A subsequent analysis by Berruti et al. in 2014 revealed similar findings.38 Twenty-nine trials (including all of the trials included in the CTNeoBC analysis), with a total of 14,641 patients, were included. Again, a weighted regression analysis was performed on log-transformed treatment effect estimates in order to test the association between treatment effect on pCR and treatment effect on EFS/OS. Again, only a weak association between the two effects was demonstrated: R2 value of the weighted regression line was 0.08 for DFS and 0.09 for OS, indicating that only 8% and 9% of variability among the impact on DFS and OS, respectively, was explained by the observed effect on pCR.38
These conflicting findings are a source of confusion and controversy in the academic world. The authors of the CTNeoBC and Berruti et al. analyses offer several reasons for this finding. First, most of the trials enrolled women with more than one subtype of breast cancer. Since the more common type of breast cancer (low-grade ER+) has a weaker and often insignificant correlation between pCR and survival, these patients may dilute and obscure the effect on the trial level. Second, the differences in drug administration and combination between the three trastuzumab-containing trials for HER2+ patients (including post-operative trastuzumab only in the TECHNO trial39) may have confounded any comparison between these groups. Finally, factors influencing EFS and OS that are unrelated to primary tumour response may have impacted the association.

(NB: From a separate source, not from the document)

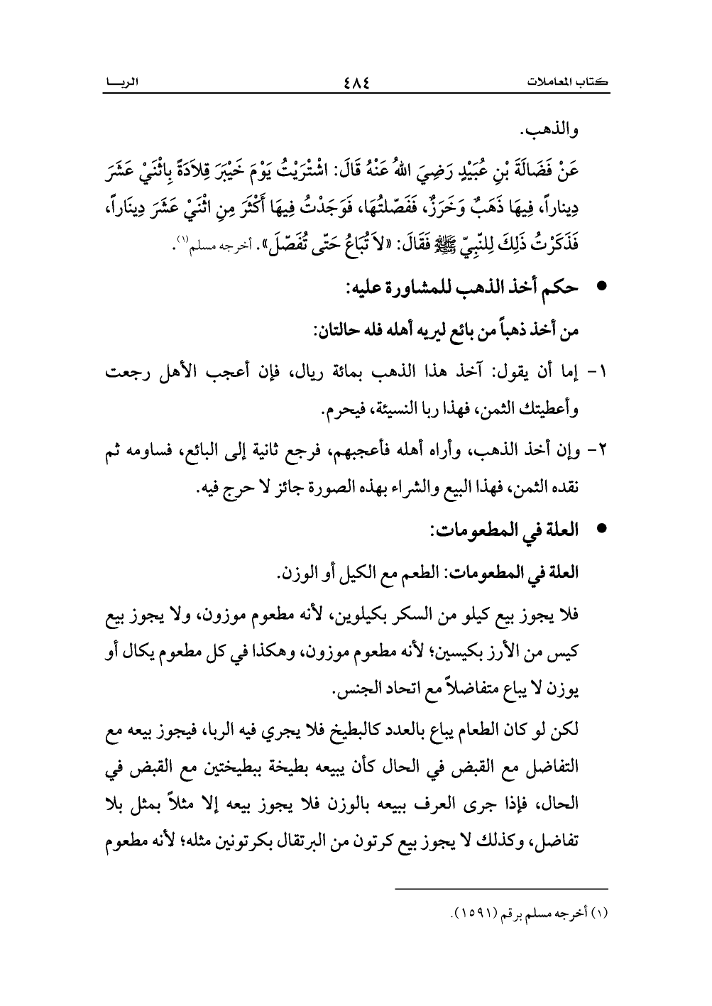 عَنْ فَضَالَةَ بْنِ عُبَيْدٍ رَضِيَ اللهُ عَنْهُ قَالَ: اشْتْرَيْتُ يَوْمَ خَيْبَرَ قِلاَدَةً بِاثْنَيْ عَشَرَ دِيناراً، فِيهَا ذَهَبٌ وَخَرَزٌ، فَفَصّلتُهَا، فَوَجَدْتُ فِيهَا أَكْثَرَ مِنِ اثْنَيْ عَشَرَ دِينَاراً، فَذَكَرْتُ ذَلِكَ لِلنّبِيّ - صلى الله عليه وسلم - فَقَالَ: «لاَ تُبَاعُ حَتّى تُفَصّلَ». أخرجه مسلم (¬1).

To this end, only one meta-analysis to date has demonstrated a trial-level association between treatment effect on pCR and treatment effect on survival outcomes. In 2020, Huang et al. published analyses of eight large randomized controlled trials conducted between 2013 and 2018, which included 2,478 patients in total.40 Similar to prior analyses, weighted linear regressions were performed on log-transformed treatment effect estimates in order to test the association between treatment effect on pCR and treatment effect on EFS/OS. Although six of eight randomized controlled trials included patients with all receptor subtypes, analysis was only performed on data for patients with triple-negative disease. The results revealed that pCR was a significant predictor of EFS (R2 0.68) and OS (R2 0.24),40 although the association with OS was weaker. These results likely reflect the homogeneity of the patient population included in their analysis (triple-negative disease only) and the inclusion of more recent clinical trials that included newer therapies (such as bevacizumab, everolimus and nab-paclitaxel). These findings suggest that comparing trials with more homogeneous patient populations, especially those that incorporate targeted therapies, may be the setting in which a trial-level association between pCR and survival may be observed.
Association between pathologic complete response and survival among trials of targeted therapies
There are, however, still examples of conflicting findings among trials in more homogenous populations receiving targeted therapy. Examples are the ALTTO and NeoALTTO trials,41,42 which studied the use of an oral anti-HER2 tyrosine kinase inhibitor (lapatinib) in the adjuvant and neoadjuvant settings, respectively. NeoALTTO was reported 2 years before ALTTO, and showed a statistically significant improvement in pCR when lapatinib was added to trastuzumab (51.3% versus 29.5%, compared with trastuzumab alone, p=0.0001).42 Surprisingly, ALTTO subsequently showed that the addition of lapatinib (or lapatinib alone) was associated with a non-significant reduction in DFS compared with trastuzumab (HR 0.84, p=0.04).41 This difference was not significant due to a protocol amendment requiring a p value of <0.025, to account for multiple pairwise comparisons among treatment groups. There are several explanations for the observed differences between these studies. First, the underlying risk of the patient population in ALTTO appears to have been greater than that of NeoALTTO (lower DFS and more node-positive patients in ALTTO). ALTTO also included a greater percentage of concurrently ER+ tumours when compared with NeoALTTO (57% versus 50%, respectively), which are less sensitive to HER2 therapy and likely blunted the effect of lapatinib. ALTTO was also underpowered, reporting after just 555 events were reached, instead of the originally planned 850 events.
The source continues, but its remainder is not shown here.